WNY connections to a newly administered HIV treatment

May 30, 2021

Earlier this month, a downtown Buffalo clinic began administering a treatment for Human Immunodeficiency Virus that replaces a daily diet of pills with a monthly pair of injections. Cabenuva's path to approval by the Food and Drug Administration earlier this year passed through Buffalo.


Cabenuva combines Cabotegravir and Rilpivirine. The HIV treatment gained the approval of the FDA in January 2021. Evergreen Health, located in downtown Buffalo, announced May 4 it had begun using the treatment on a handful of patients.

Evergreen Health began distributing an injected HIV treatment to a limited number of patients in early May. That treatment, Cabenuva, was approved by the FDA in January.
Credit Michael Mroziak, WBFO

“This medication is definitely not for everybody. The patient has to be already controlled in HIV with conventionally available oral medication,” said Dr. Alyssa Shon, a physician at Evergreen Health who conducted clinical trials of Cabenuva through the University at Buffalo’s Jacobs School of Medicine and Biomedical Sciences. “They have to be already suppressed, meaning that their viral load has to be less than 50 (viral copies per milliliter of blood) on currently available medications. And they cannot have any resistance to any of the components of this drug.”

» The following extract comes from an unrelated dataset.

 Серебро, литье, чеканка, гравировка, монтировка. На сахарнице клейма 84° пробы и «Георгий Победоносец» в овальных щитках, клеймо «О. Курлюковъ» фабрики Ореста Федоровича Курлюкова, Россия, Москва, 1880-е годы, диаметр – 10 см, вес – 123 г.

Prior to the FDA’s approval, patients in the trial had started the medication to ensure they would not have an allergic reaction or any other adverse responses to the treatment. The medications, according to Dr. Shon, were tolerated very well.

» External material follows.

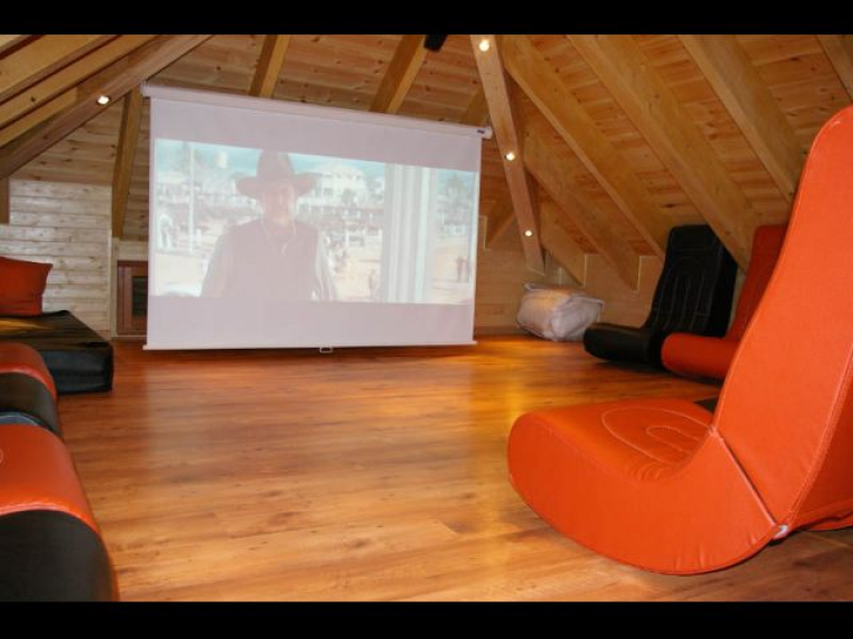 El chalet cuenta con una sala de cine y una gran sala de juegos, y puede alojar a grupos más grandes bajo petición.

Qualified patients must first take a pill-based lead-in for 28 days before transitioning to injections. Recipients get two per monthly visit, in the gluteal section. Those interested in switching to the shots may do so because of pill fatigue, Dr. Shon suggested, but also because some do feel a stigma of living with HIV.

“Some of my patients have told me they hide their pill bottles, in fear of people looking at their medication bottles and knowing they have HIV,” she said. “And also, this kind of eliminates that process because they wouldn't be having any pills at home. They will be coming into the doctor's office, places like Evergreen and get their monthly injections. And then, they wouldn't have any pills to take for HIV at home.”

Evergreen Health, according to its 2020 numbers, provides care to an estimated 1,600 people living with HIV/AIDS. New York State has not yet released its 2020 statistics, but as of 2019 an estimated 3,400 people lived their diagnosis.

Erie County's new HIV cases, year to year, have generally gone down since 2015, when 120 cases were identified. But 2019's 75 new cases were up from 46 in 2018. What concerns health officials now is an upward trend in sexually transmitted diseases during the COVID-19 pandemic. The concern, according to Erie County Health Commissioner Dr. Gale Burstein, is the possibility of more infections than what are recorded.

“I think the problem with with the pandemic is that less people sought preventive care. We saw a decrease in in chlamydia cases. And we think it's not because there was less chlamydia. We think that people weren't going out and getting tested,” Dr. Burstein said. “It will be interesting to see the number of new HIV infections that are diagnosed in 2020 because, you know, you can't have a positive test unless you get a test in the first place.”

Long gone are the days, as in the 1980s, when an HIV-positive diagnosis was looked upon as a death sentence. The virus is now treatable and many living with HIV, through consistent treatment, are able to enjoy long, healthy, productive lives. Pre-exposure and post-exposure prophylaxes are available and function to keep patients "virally suppressed," meaning the virus is undetectable. Such treatments may also prevent the virus from being transmitted to another person.

Erie County provides HIV testing and wraparound services, including guidance toward clinics where individuals may receive direct treatment. Evergreen Health provides preventive prophylaxes.

There remain hurdles to making Cabenuva a more widely used option. It may only be administered by a specialty pharmacy or clinic. The patient cannot take it home and self-inject. And that's just one of the holdups. 

“Since the approval process in January, there was always some lag in in terms of getting patients on these drugs, because the insurance companies had to review whether they will put this medication into their formulary,” Dr. Shon said.